Thursday, October 2, 2014

Season preview, part four: The contenders

And then there were seven. After covering the bottom feeders, the middle of the pack, and those that defy any logical projection, NHL season preview week wraps up today with our final group of teams: the best of the best.

If you’ve been following along all week, this is the moment you’ve been waiting for. Appearing on the list below all but guarantees that a team will go on to have a good season. By now you’re probably squirming with suspense, wondering whether your favorite team was fortunate enough to …

Wait, if you’ve been following all week, then by process of elimination you already know who’s on the list. Crap. I didn’t think this through very well.

Ah, well. Here are my picks, in no particular order, for the seven teams that enter the season as Stanley Cup favorites.

Los Angeles Kings

Last season: 46-28-8, 100 points, third place in the Pacific Division, won the Stanley Cup

Offseason report: Cap pressure prevented them from adding much, although they did manage to re-sign playoff hero Marian Gaborik as well as Matt Greene. Willie Mitchell and Colin Fraser were lost to free agency; both were solid contributors, but not critical pieces.

Minor tweaks aside, this year’s Kings will essentially be the same as last year’s version. That’s not good news for the rest of the league.

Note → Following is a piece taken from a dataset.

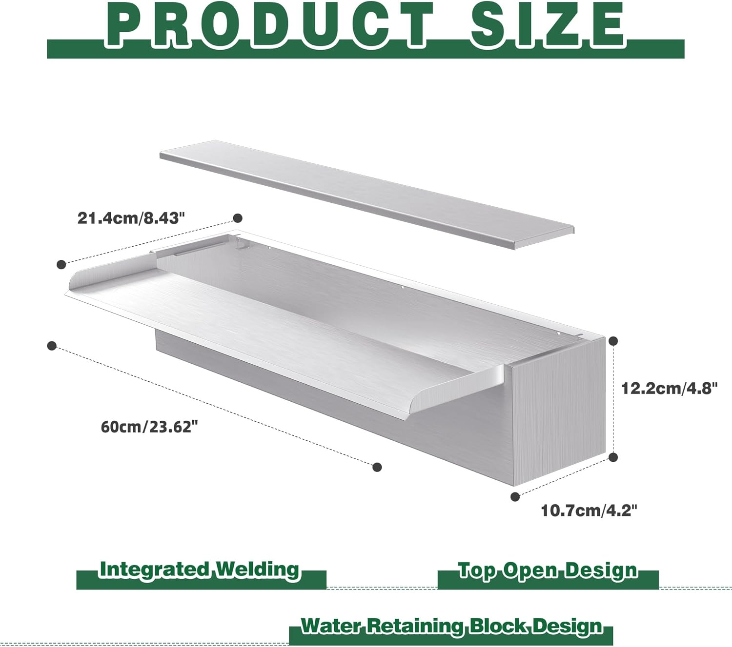 - 【Anti-Rust Spillway Waterfall】- Our welded in one body one-piece 304 stainless steel construction of this spillway waterfall provides long-lasting strength, rust resistance, and leakproof performance. The open lip design creates an elegant freefalling waterfall that adds decorative flair to ponds and pools. The soothing sound of the cascading water promotes relaxation and tranquility.

Outlook: The Kings finished last year ranked 25th in goals scored and first in goals allowed, so it’s not hard to see which end of the ice they’re best at. Team defense, from two-way force Anze Kopitar to blueline stud Drew Doughty, is excellent, and they implement Darryl Sutter’s system just about perfectly. Jonathan Quick is a divisive goalie; some view him as a sure-thing superstar, while others see merely a good goaltender on the league’s best defensive team, with a reputation inflated by a few playoff hot streaks. In either case, he’ll deliver strong numbers, and if he gets hurt, there’s always last year’s rookie breakout, Martin Jones.

That leaves the goal scoring, which has been the Kings’ weak spot for several years now. So far they’ve managed to flick the switch on the offense once the playoffs start, but that’s not something you want to count on every year. A full season of Gaborik will help if he can stay healthy all year, which he often doesn’t.

Key stat: 56.74 — the Kings’ Fenwick percentage at 5-on-5/close, the best in the league by a decent margin. In other words, no team has the puck more than L.A. This stat is also one of the best predictors we have of future success, which is why analytics guys get little hearts in their eyes whenever they talk about the Kings.

Best case: They continue to be impossible to score on, the offense finds a pulse, and they cruise through the year on the way to adding a Presidents’ Trophy to their hardware case.

Worst case: They once again struggle to score goals, and Quick and the defense lapse just enough that they take a small step back and into the mid-90s point range, which in the West means they have to sweat a little for their playoff spot.

Bold prediction: Coming off last year’s strong playoff run and a Conn Smythe near miss, Doughty rides that momentum and another strong season to his first career Norris.

New York Rangers

Last season: 45-31-6, 96 points, second in the Metro, lost to the Kings in the Stanley Cup Final

Offseason report: The Rangers turned over a big chunk of the bottom half of their roster, as cap pressure had them parting ways with useful contributors like Brad Richards, Benoit Pouliot, Brian Boyle, Derek Dorsett, and Anton Stralman. They restocked by adding a handful of players, most notable veteran blueliner Dan Boyle and winger Lee Stempniak.

Outlook: Despite the offseason shakeup, the Rangers are returning essentially the same core that made a run to the final last year. They’ll miss Derek Stepan for the season’s first month or two with a broken leg, but they’ll have a full season of Martin St. Louis, and the addition of Boyle should help. And of course, they have arguably the best goaltender on the planet in Henrik Lundqvist. They should at least match and probably exceed last year’s regular-season success. The deep playoff run is a longer shot, but certainly not out of the question.

Key stat: $81 million — the total amount of salary and buyouts on the books for the Rangers this season, the highest total in the league by almost $3 million. (They’re still under the $69 million salary cap, barely, because that’s based on the average annual value of each contract, not the total dollars paid out in a given year.)

Best case: They make it all the way back to the final, and this time they don’t suffer from awful puck luck once they get there.

Worst case: A long-term Lundqvist injury could drop them all the way out of playoff contention, although he’s been a workhorse his whole career, so that seems unlikely. More realistically, if aging veterans like St. Louis, Boyle, and/or Rick Nash start to slow down, it could spell trouble for a team that finished just 11th in the conference in goals scored last year. And remember, they’re coming off a short offseason, so fatigue could become a factor.

Bold prediction: We finally get an Islanders/Rangers playoff matchup for the first time in 20 years.